Она как-то вся обмякла, сидела с опущенной головой.

– Натуля, ну ты же разумный человек! Ну как так можно? С бухты-барахты…

Он заглянул ей в глаза, ища понимания, и вдруг увидел, что она плачет, и стало так ее жалко, и себя тоже, и накатило бессилие и злость на себя, за то, что ничего не мог для нее сделать. Да и сейчас не может. Он подошел к ней и обнял за плечи. Она произнесла тихо, сквозь слезы:

– Я не смогу без тебя…

– Ну, куда ж я тебя отпущу без себя…

Она подняла заплаканные глаза:

– Правда?

Потом, когда уже засыпали, она сказала:

– Папа тоже опасается, что ты экзамен не сдашь…

– Ему то что?

– Ну, он боится, что ты впадешь в депрессию…

– Когда это я впадал в депрессию?

Она засмеялась.

– Это правда. Ты стойкий оловянный солдатик…

А наутро он проснулся с ясным пониманием, что никуда не едет. Первые дни репетировал, как он об этом сообщит, а потом понял, что и сообщать ничего не надо. Все были заняты оформлением и сопутствующими хлопотами. Он однажды нашел на столе заполненную анкету и в графе муж увидел свое имя. Наташа вошла в комнату и застала его за чтением. Подождала, пока он дочитает.

– Нам сказали, что лучше сейчас не разводиться. Тогда с Аленкиным выездом меньше геморроя будет. А на интервью скажем, что ты приедешь позже, а сейчас заканчиваешь какие-то дела в Москве. Так все делают. Тебе же это не принципиально?

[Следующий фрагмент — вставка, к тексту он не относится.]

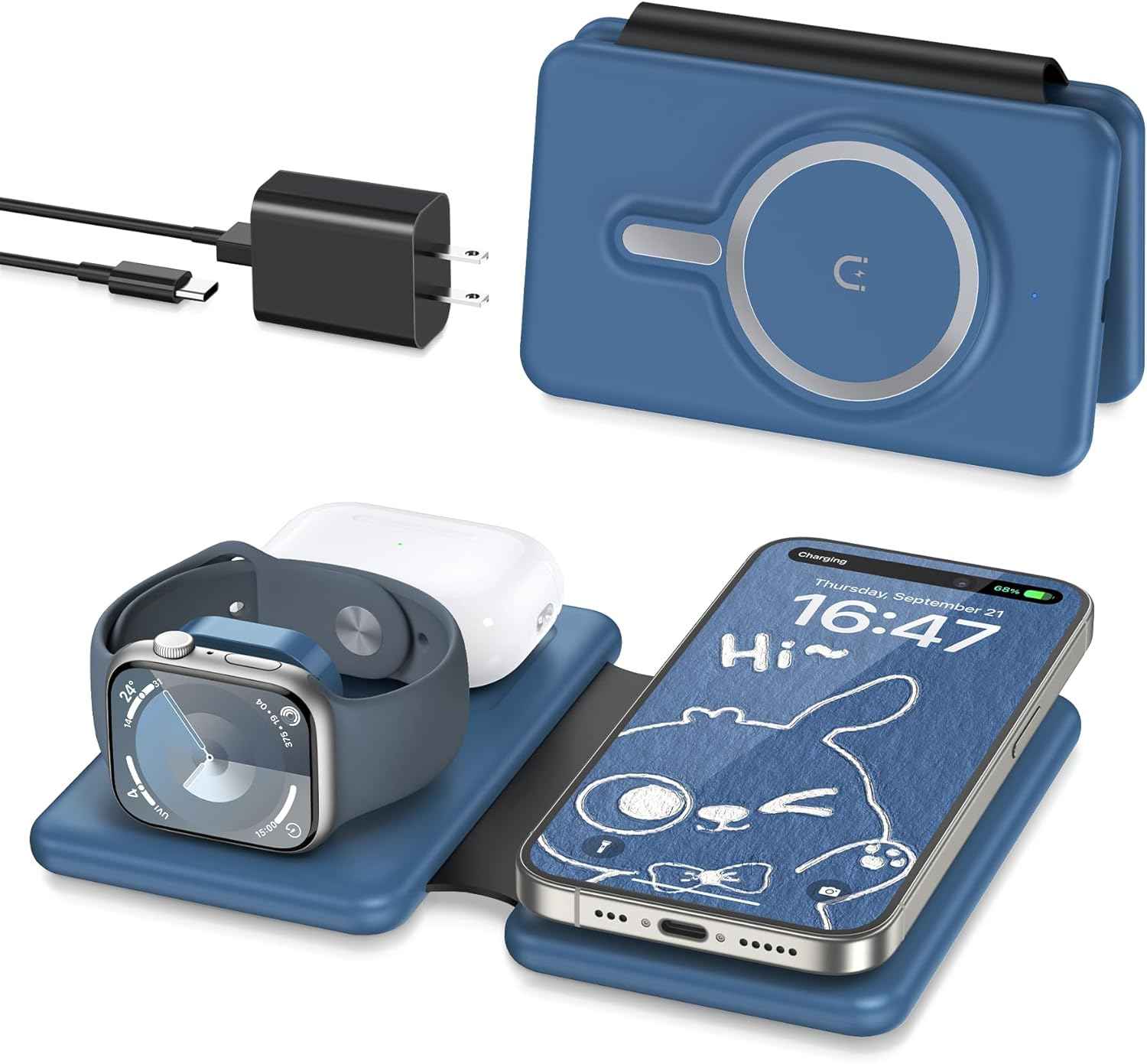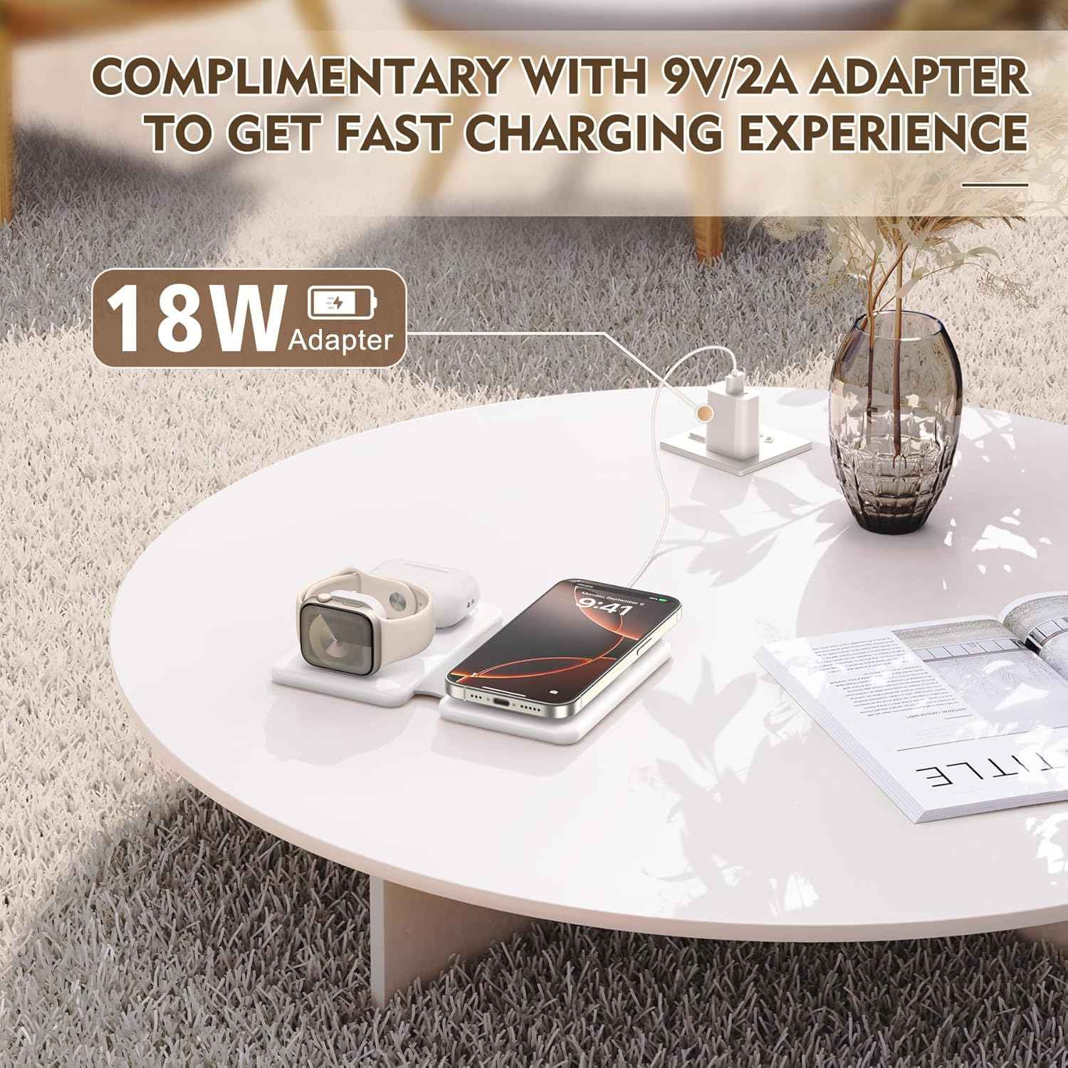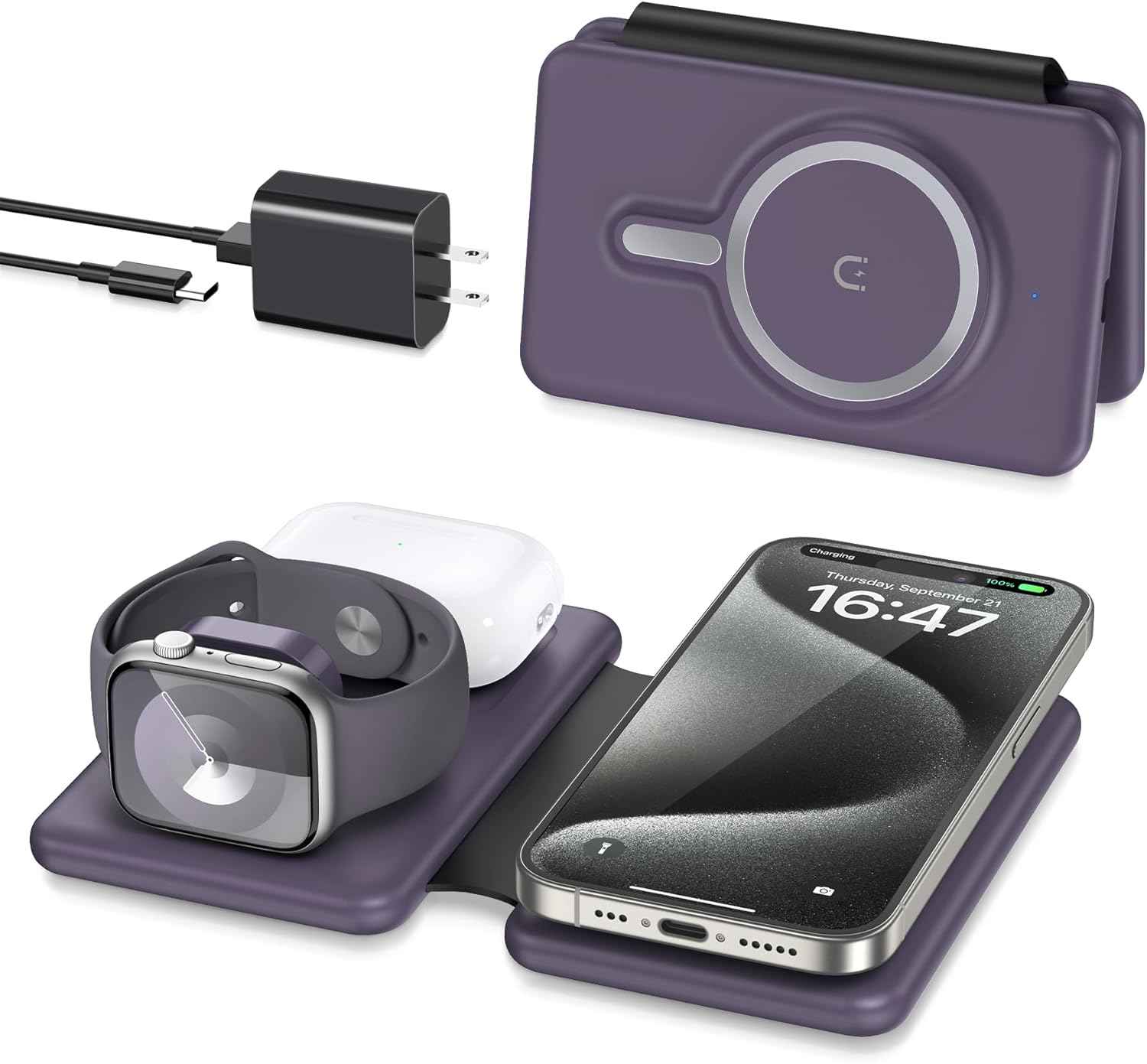 Due to its foldable and compact design, this 3 in 1 charging station is a must-have for travel.
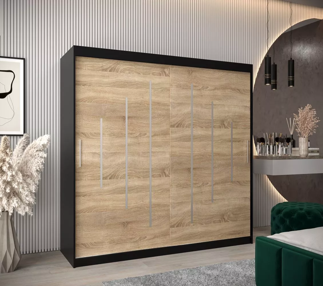 Šatní skříň ERIKA - šířka 200 cm, černá / dub sonoma

Градов отрицательно покачал головой.

– Мне это не принципиально…

– И еще, Антоша… Сядь…

Он сел.

– Понимаешь, там очень важно правильно начать жизнь.

Градов молчал.

– Папин университет находится в Нижнем Манхэттене, но в Манхэттене жить невозможно. Там цены запредельные. Самое удобное и доступное – жить в Нью-Джерси.

Она опять сделала паузу, но ответа не последовало.

– Все советуют сразу купить домик в Нью-Джерси. Это вроде и рядом, но уже не Нью-Йорк. Поэтому все подешевле. Значительно. У родителей уже есть покупатель на квартиру. Но этих денег не хватит. Короче, без нашей квартиры не обойтись. Ты же не хочешь, чтобы Аленка начинала свою жизнь на Брайтон Бич?

Градов усмехнулся.

– Да уж ни в коем случае.

– Антоша, только не надо строить из себя жертву. Ты можешь пока пожить у родителей. В конце концов, у них четырехкомнатная квартира. Ее можно разменять.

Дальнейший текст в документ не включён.